Alınan sıkı tedbirlerle denetim altına alınan salgında 1 Temmuz prestijiyle olağanlaşma adımları atılmaya başlandı. 1 Temmuz 2021’de bildirilen olay sayısı 5.288’ken 42 kişi de hayatını kaybetti. 9 Ağustos 2021’de ise 23 bin 731 yeni olay ve 117 mevt bildirildi.

Aşılama oranları ise birinci doz Türkiye ortalaması yüzde 67.89, ikinci doz ortalaması yüzde 47.75; birinci, ikinci ve üçüncü doz toplamı ise 77 milyon 552 bin 661 olarak paylaşıldı.


DELTA KORKUSU OFİSE DÖNÜŞLERİ DE ERTELETTİ

Hadiselerin artmasıyla birlikte, ofise dönüş kararlarını açıklayan bir epeyce şirket ertelemeye gittiğini deklare etti.
Haziran ayı sonlarında, yemek hizmetleri ve tesis idaresi şirketi Sodexo, maske kılavuzunu güncelleyerek tüm çalışanların aşılı olsalar bile maske takmaya devam etmelerini tavsiye etti.
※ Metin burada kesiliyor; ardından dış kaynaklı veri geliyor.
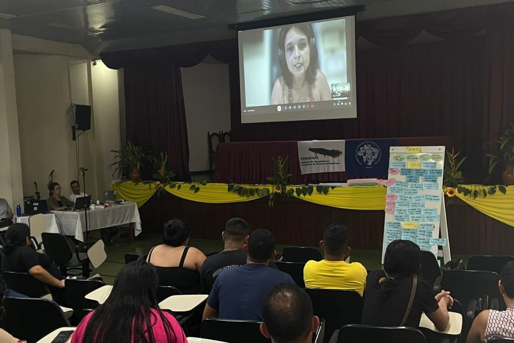 Pela primeira vez o Coletivo do Pirarucu discute sua possível participação em uma conferência do clima. Durante o encontro, Andreia Fanzeres, coordenadora do Programa de Direitos Indígenas, Política Indigenista e Informação à Sociedade (PDI) da Operação Amazônia Nativa (OPAN), apresentou o cenário das políticas climáticas e destacou oportunidades de participação na COP 30.

Netflix Inc. İdare Konseyi Lideri ve CEO’su Reed Hastings, yayın devinin 9.000 çalışanını ofise beklediğini belirtmişti. Hastings geçen sonbaharda The Wall Street Journal ile yaptığı röportajda, “Özellikle memleketler arası alanda bir ortaya gelememek büsbütün olumsuz bir durum” dedi.

Hastings’in görüşleri yumuşamamasına ve insanların geri dönmesini istemesine karşın, akış devi geri dönüşü zarurî kılmadı. Hastings ile çalışanlar, onun bir ofisi olmadığını ve şirketin yerleşkelerinde dolaşırken çalışanlarıyla yüz yüze irtibat kurmaktan keyif aldığını belirtiyor. Fakat öteki biroldukca şirket üzere Netflix de virüse yakalanmaktan kaygı duyan bireylere karşı hassas davranıyor.